Inflazione resta alta ma aspettative “più moderate”

Secondo le rilevazioni del Bureau of Labour Statistics, a maggio l’inflazione complessiva si è attestata al 4,2% su base annua, in linea con le attese, ma ancora ben superiore all’obiettivo del 2% fissato dalla Federal Reserve e in deciso aumento rispetto al dato di aprile (+3,8%).

L’accelerazione, ricorda l’economista di Moneyfarm, è stata determinata principalmente dalla componente energetica, i cui prezzi sono cresciuti di circa il 23% rispetto a un anno fa.
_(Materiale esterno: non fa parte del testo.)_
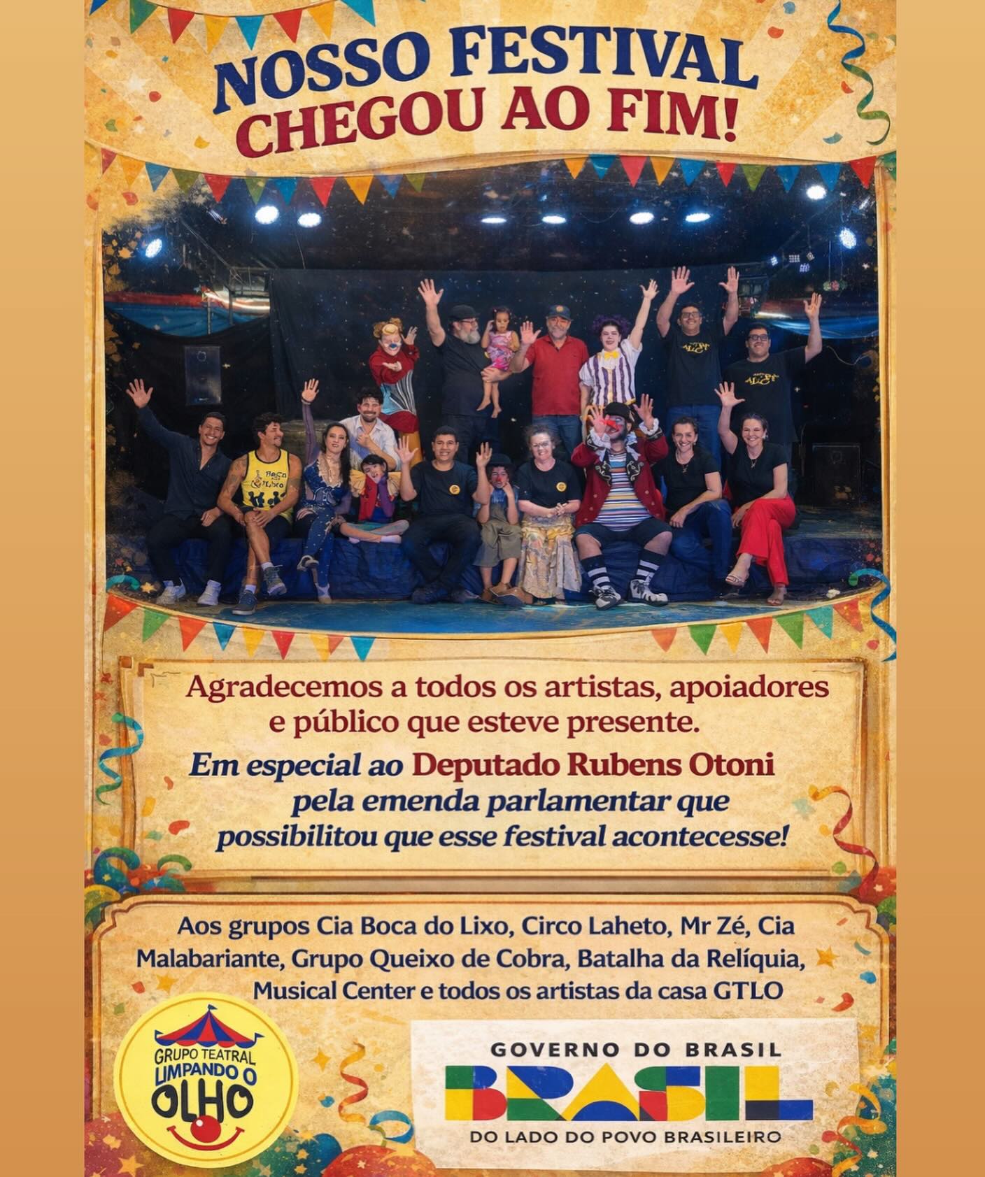 Nosso Festival chegou ao fim… E o coração tá como? Transbordando gratidão. Foram dias intensos de arte, encontros, risadas, troca e muita magia no nosso II Festival de Circo GTLO. Cada aplauso, cada olhar encantado e cada artista em cena fizeram tudo valer a pena. Nosso MUITO OBRIGADO a todos os artistas, apoiadores e ao público que esteve presente com a gente nessa jornada linda! Um agradecimento especial ao deputado Rubens Otoni, cuja emenda parlamentar possibilitou que esse Festival acontecesse. E nosso carinho aos grupos e parceiros que somaram com a gente: Cia. Boca do Lixo, Circo Laheto, Mr Zé, Cia Malabariante, Grupo Queixo de Cobra, Batalha da Relíquia, Musical Center e todos os artistas da casa GTLO. Seguimos… Porque o circo não para.. Mais informações podem ser obtidas com um clique aqui!
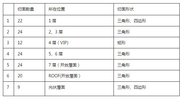 為了表達建筑整體鉆石造型的設計理念,建筑形體由三角形切面和四邊形切面組成,經過分析,建筑共有135個切面,切面布置方式如下:
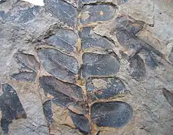 Fragments of the fronds are the most frequently found fossils of the Medullosales, and they have been widely used for biostratigraphy[19] and biogeographical studies.[20] Most are characterised by a major fork of the main rachis in the lower (proximal) part of the frond. Each branch produced by the fork has an essentially pinnate appearance, superficially resembling the fronds of many ferns, but it is now thought that they in fact consist of a series of more or less overtopped dichotomies.[21] Only one group of fronds, known as parispermacean fronds (fossil genera Paripteris and Linopteris), lacked this major dichotomy although they were still thought to have been constructed from a series of overtopped dichotomies.[22]
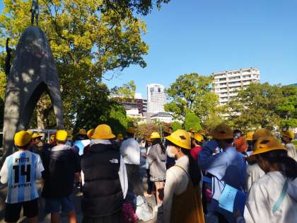 平和公園内の慰霊の塔に、全校児童がつくった千羽鶴をささげ、平和の誓いをしました。
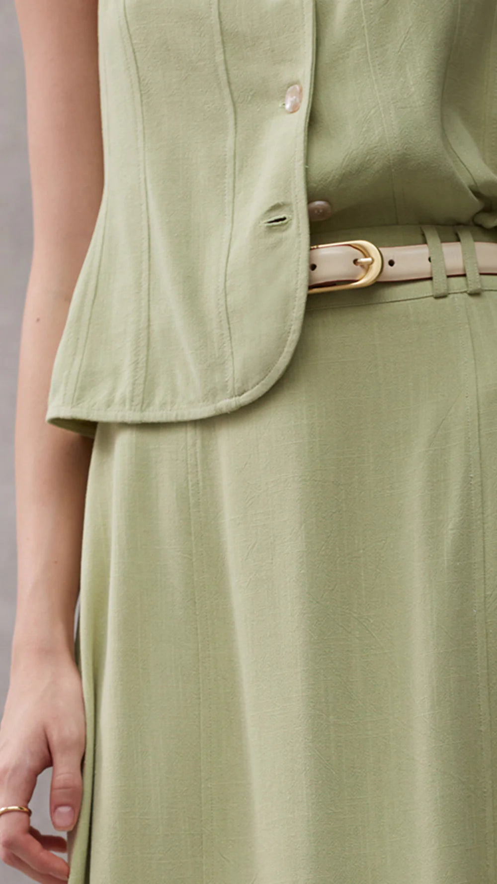 The Mira belt will add a touch of sophistication to every outfit it is styled with. The supple vegetable leather is accentuated with an elongated, sculptural buckle that was custom designed in- house. Cinch in the waist of your favourite knit or thread it through the loops of your jeans for an instant lift.
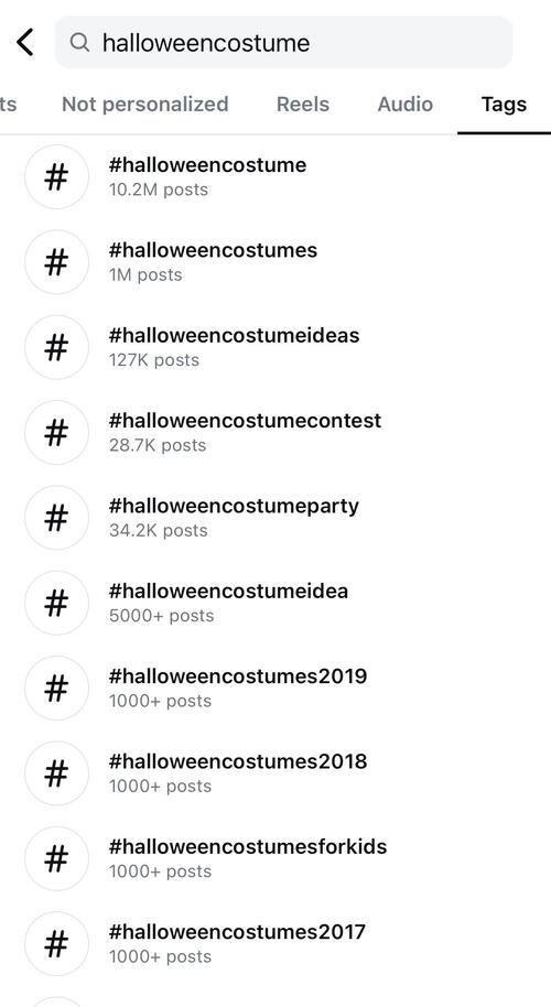 For example, let’s take the hashtag #halloween and combine it with the word costume.
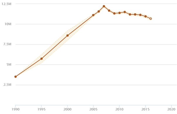 At about the same time as international trade has started falling, immigration also fallen. Immigration to the US peaked over a decade ago in 2007. Here is Pew’s data for the total number of unauthorized immigrants in the US.
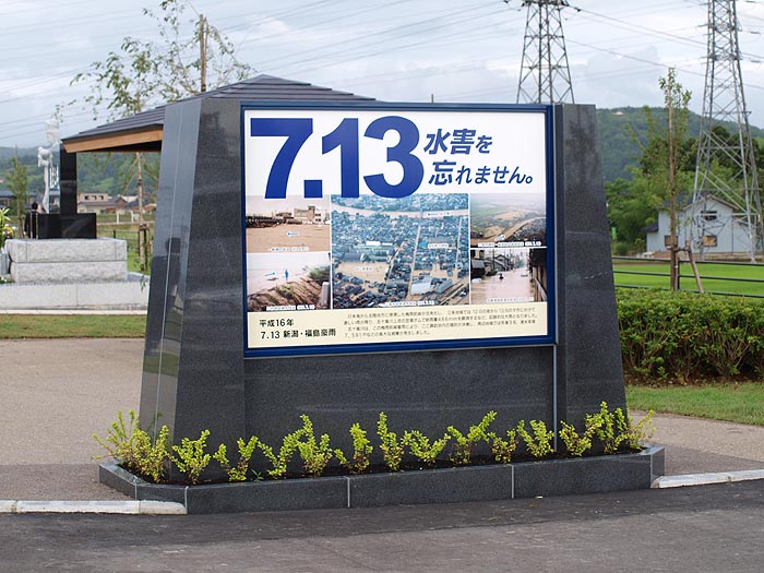 それと言うのも もっぱらの撮影場所である三条鍛冶道場で問題が・・・ 三条の伝統技術である 『和釘造り』 を体験する子供たちの写真が撮れなくなってしまったからだ。 昨年までは 取材後 学校や市の教育委員会に確認を取りHPで公開してきた。 いままでは支障なくUPできてきたが 今年に入り急に撮影を拒否されるようになった。 子供たちのプライバシーを重んじる為と理解はできるのだが 伝統技術に挑戦する子供たちの姿に魅せられ撮り続けてきた自分としては 何か意欲が無くなってしまった。 この秋には 子供たちが体験した『和釘造り』 その和釘を使って 『御守』 を作る構想を練っている。 三条鍛冶道場で触れた伝統技術 それを活かした地域活性化が出来ればと願っている。 そんなこんなはあったものの 月が変わった8月。 気分を変えて また撮り始めようと 久し振りに夕日を狙ってきた。 雲が無く 劇的な写真は撮れなかったものの 明日への希望が沸いて来る爽やかな空が撮れた。 平成16年7月13日午後1時15分、数日前から降り続いた雨による増水で、五十嵐川の堤防が限界を超え三条市諏訪地内が破堤、一気に嵐南地域を濁流が飲み込み、未曾有の災害をもたらした。 人々の生活や財産などあらゆる物を飲み込んだこの水害は、9人もの尊い命も奪い去り、大きな爪跡を残しており、いまなお市民の傷は癒えていない。 今思えば被災当時、人々はただただ復旧に追われる毎日で、命を落とされた方々への哀悼の意を唱える余裕すら無かったと思う。 当時、水害の被害が少なかった嵐北地域に住む私達は被災者への生活支援に奔放したものの、まだ心に余裕があった。 支援をしている中で、水害で犠牲になられた方々の無念を一日も早く晴らしてやりたいという気持ちが自然に湧き起こり慰霊碑建立運動を決意した。 亡くなられた方々には怨念の川であろう五十嵐川も、私にとっては恩恵を受ける川であり、秋になると川を遡上する鮭を使った出汁でラーメン作って販売、毎年の販売開始日にチャリティーラーメンを行い、その時々に起こった災害の義援に充てて来た。 この年は、水害の打撃ですっかり川も荒れ、復旧工事で濁り返った五十嵐川に鮭の遡上が危ぶまれたが、鮭は見事に母なる川に戻ってきた。 この鮭たちにも元気付けられ、この年からは水害犠牲者の慰霊碑建立という目標でチャリティーや義援募金活動を開始した。 当初は、大きな慰霊碑は無理なら、せめて小さなお地蔵様だけでもと願い、不安の気持ちの中でイベントを続けた。 しかし、そんなチャリティー活動の中で心強い応援の力をいただいた。 お地蔵様を造ると言ってもどんな手段があるのか。 模索する中、新聞で知った仏画の本庄基晃先生に失礼をかえりみず、お地蔵様の下絵を描いていただけないかと思い切ってお願いをしてみた。 突然訪ねた私に、先生は 『その時はいつでも言ってください無償で協力しますよ』 という温かい言葉をかけてくださり、挙句に 『仏画を差し上げるのでチャリティーに使ってください』 という思ってもみなかったお言葉もいただいた。 今思えば、あの時の本庄先生の温かい言葉が私の気持ちの支えになっていたと思う。 流石に、お言葉に甘えることは出来なかったが・・・・(笑) 一昨年、それまで私の活動を見続けていてくれたロータリークラブ会員の友人が私の非力を心配し『水害当時、全国のロータリークラブから寄せられた義援金の中で余裕があるらしいので災害時に会長を務めておられたマルソーの渡辺喜彦会長さんにお願いしてやるよ』と申し出てくれた。 正直、この先何年続けたら念願が叶うのかと心細かった私の気持ちが、もう完成したかのように晴れ晴れとしたのを覚えている。(笑) その年の7/13には、本成寺で犠牲者の法要を執り行い本格的に市や県を巻き込む計画がスタートした。 私は、この時点で自分の役割は終えたと思っていたが、渡辺会長さんからは災害メモリアルパーク予定地や記念碑の設計図面などが出来上がるたびに書類を届けていただき、渡辺会長さんの実行力と熱意、心配りにただただ感心するだけで、自分が始めた運動であることも忘れ慰霊碑の完成を心待ちにする一市民になっていた。 水害から5年目のこの日、決壊現場に完成した「水害復興記念公園」で執り行われた慰霊祭には災害で命を落とされた方のご遺族や県知事、地元選出の国会議員、国定市長や被災した地元の自治会長さんなどのほか多くの方々が参列。 5年前のあの日を思い起こさせる朝からの大荒れの天候も、慰霊祭の開始時刻に合わせるかのように雨も上がり、無事に慰霊祭を終えることができた。 この慰霊祭には私も参列させていただいたものの、あろうことか、最前列に自分の席が用意されているとは思っておらず、身に余る光栄に恐縮しっぱなしであった。 慰霊碑の除幕、献花の際には国定市長さんから『一緒に行きましょう』とお声がけをいただき、市長さんと並んで行ったことは
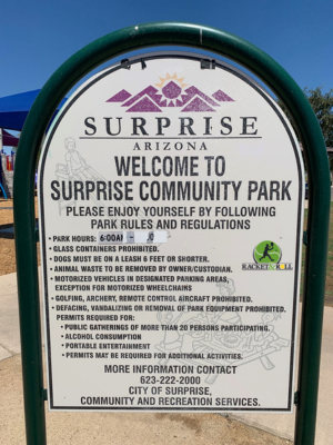 The Surprise pickleball courts are located in the City of Surprise, Arizona almost as far west as the city goes and right next to the Texas Rangers spring training stadium. The courts are in beautiful Surprise Community Park which must be on the list of one of the nicest parks in the City of Phoenix surrounding areas.
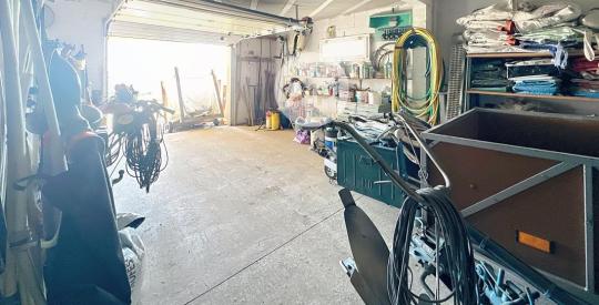 garage double de 46 m², espace garage avec 3 m de hauteur sous plafond, garage supplémentaire, nombreux espaces de rangement.
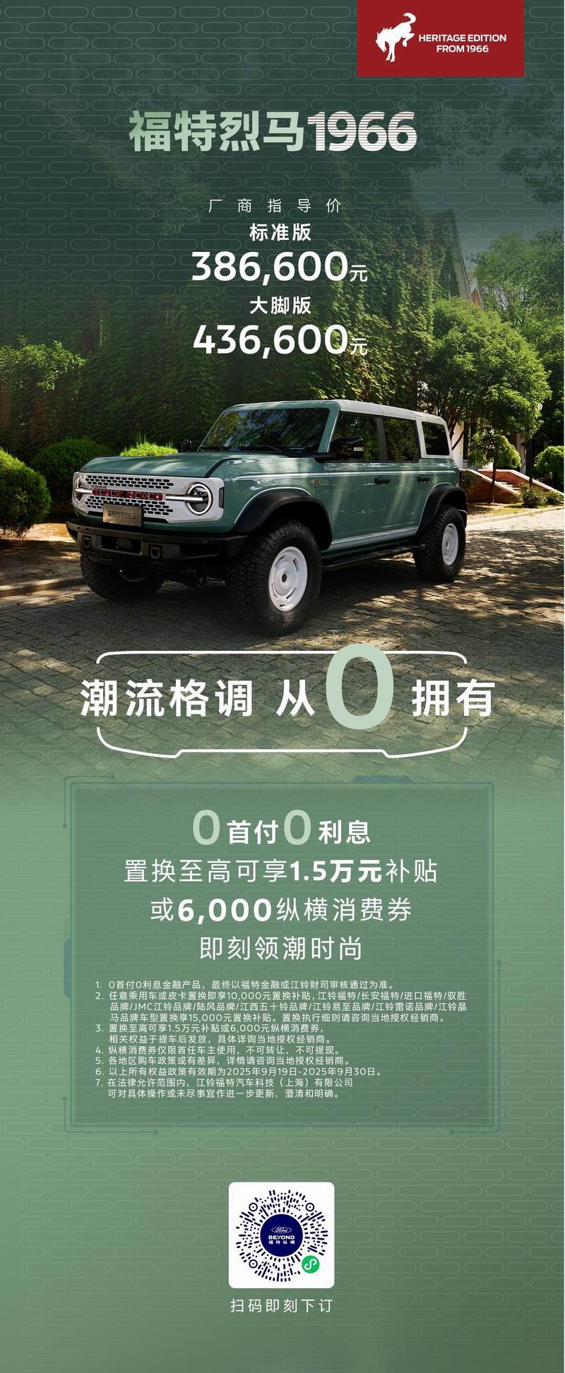 另外,9月30日前,完成烈马车主认证,分享推荐海报至朋友圈,集赞满20个后扫码上传截图即可获赠“分享集赞礼”——福特烈马限定时尚挎包1个(限量2,000个);9月30日前推荐人邀请好友扫个人推荐二维码,进行下定完成关系绑定,被推荐人于12月31日(含)前完成提车两人均可获得“推荐购车礼”(至多3人)——推荐人可获赠烈马复古折叠自行车一辆,同时推荐人与被推荐人均可获得3年3次免费基础保养。
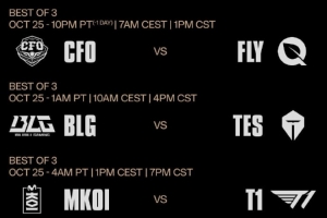 体育资讯10月24日讯 S15瑞士轮抽签,TES遭遇BLG,八强只有两支LPL队伍;
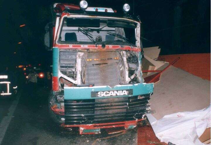 Στη στροφή ο οδηγός της νταλίκας χάνει τον έλεγχο, βγαίνει από την πορεία του και συγκρούεται πλαγιομετωπικά με το πούλμαν που μετέφερε τους μικρούς μαθητές. Τα ξύλα-νοβοπάν φεύγουν από τη θέση τους και σκίζουν την αριστερή πλευρά του πούλμαν, αλλά και… τους μικρούς μαθητές. Η τραγωδία είναι ανείπωτη, αλλά δεν σταματά εκεί.
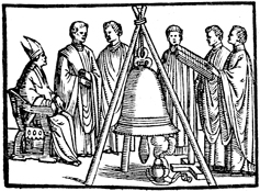 Description: This is the first of three engravings illustrating the blessing of a new bell for a church. The bell is set up inside the church for the blessing. The bishop is seated while several Psalms are chanted.
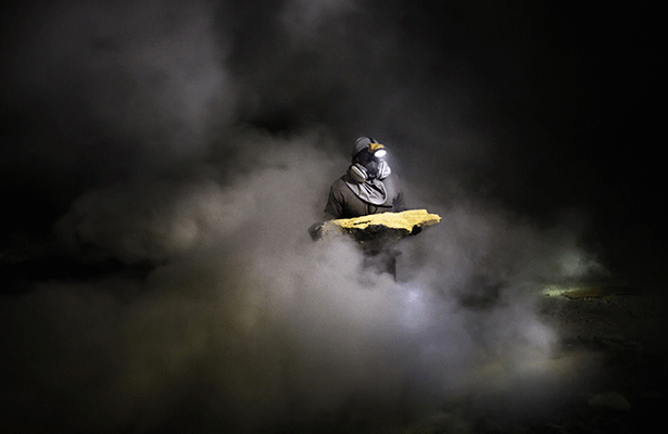 Alpan a 27 ans et est un mineur de souffre depuis l’âge de 17 ans. Comme ses collègues, il va récupérer de l’or à l’intérieur du ventre du volcan Kawah Ijen, situé à l’est de Java en Indonésie. Les mineurs s’engouffrent profondément à la recherche de cet « or du diable ».
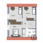 Dachgeschoss: Hier sind zwei weitere Wohnräume vorhanden, der idealerweise als Eltern-, Kinderschlafzimmer aber auch als ein Arbeitszimmer genutzt werden könnte. Weiterhin befindet sich die Gastherme hier in einem Abstellraum Platz und sorgt für die Beheizung des Hauses.
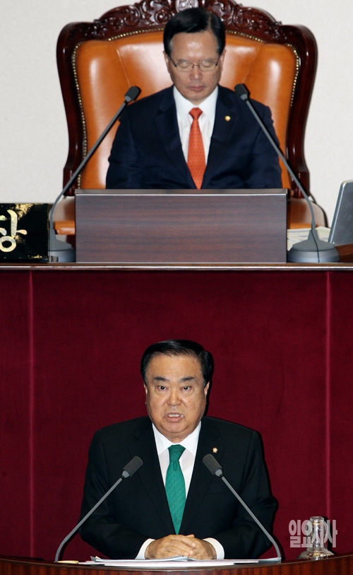 문희상 새정치민주연합 비상대책위원장이 30일 서울 여의도 국회에서 열린 본회의에서 교섭단체 대표연설을 하고 있다.

Più incoraggiante, invece, l’evoluzione dell’inflazione core, che esclude generi alimentari ed energia, e più osservata dalla Fed, e che il mese scorso si attesta al 2,9%, come indicato dagli analisti, il lieve aumento dal 2,8% di aprile.

Pur registrando un incremento su base annua, Flax sottolinea come la sua dinamica sia rimasta “relativamente contenuta, soprattutto considerando la persistente solidità del mercato del lavoro statunitense”.

Questo, aggiunge il CIO di Moneyfarm, “contribuisce a spiegare perché le aspettative di inflazione per i prossimi dodici mesi risultino oggi più moderate rispetto a quelle prevalenti alcuni mesi fa”.

Il report occupazionale di maggio, lo ricordiamo, ha evidenziato la creazione di 172.000 nuovi posti di lavoro, ben oltre le previsioni degli analisti (+85mila unità), mentre il tasso di disoccupazione è rimasto stabile al 4,3%.

Cosa aspettarsi dalla Fed

Termometro inflazionistico alla mano, lo scenario di base continua di essere quello di una Federal Reserve “disposta a tollerare temporaneamente un’inflazione superiore al proprio obiettivo, nella misura in cui l’aumento recente sia riconducibile prevalentemente a uno shock dal lato dell’offerta”, osserva Richard Flax. Tale impostazione presuppone che l’inflazione core continui a “mostrare una dinamica più contenuta rispetto all’inflazione complessiva”.

La musica cambierebbe radicalmente se i prezzi al netto di alimentari ed energia dovessero accelerare in modo più marcato, in questo caso, conclude Flax, “la banca centrale potrebbe essere costretta ad adottare una politica monetaria più restrittiva, con rialzi dei tassi superiori a quelli attualmente incorporati nelle aspettative di mercato”.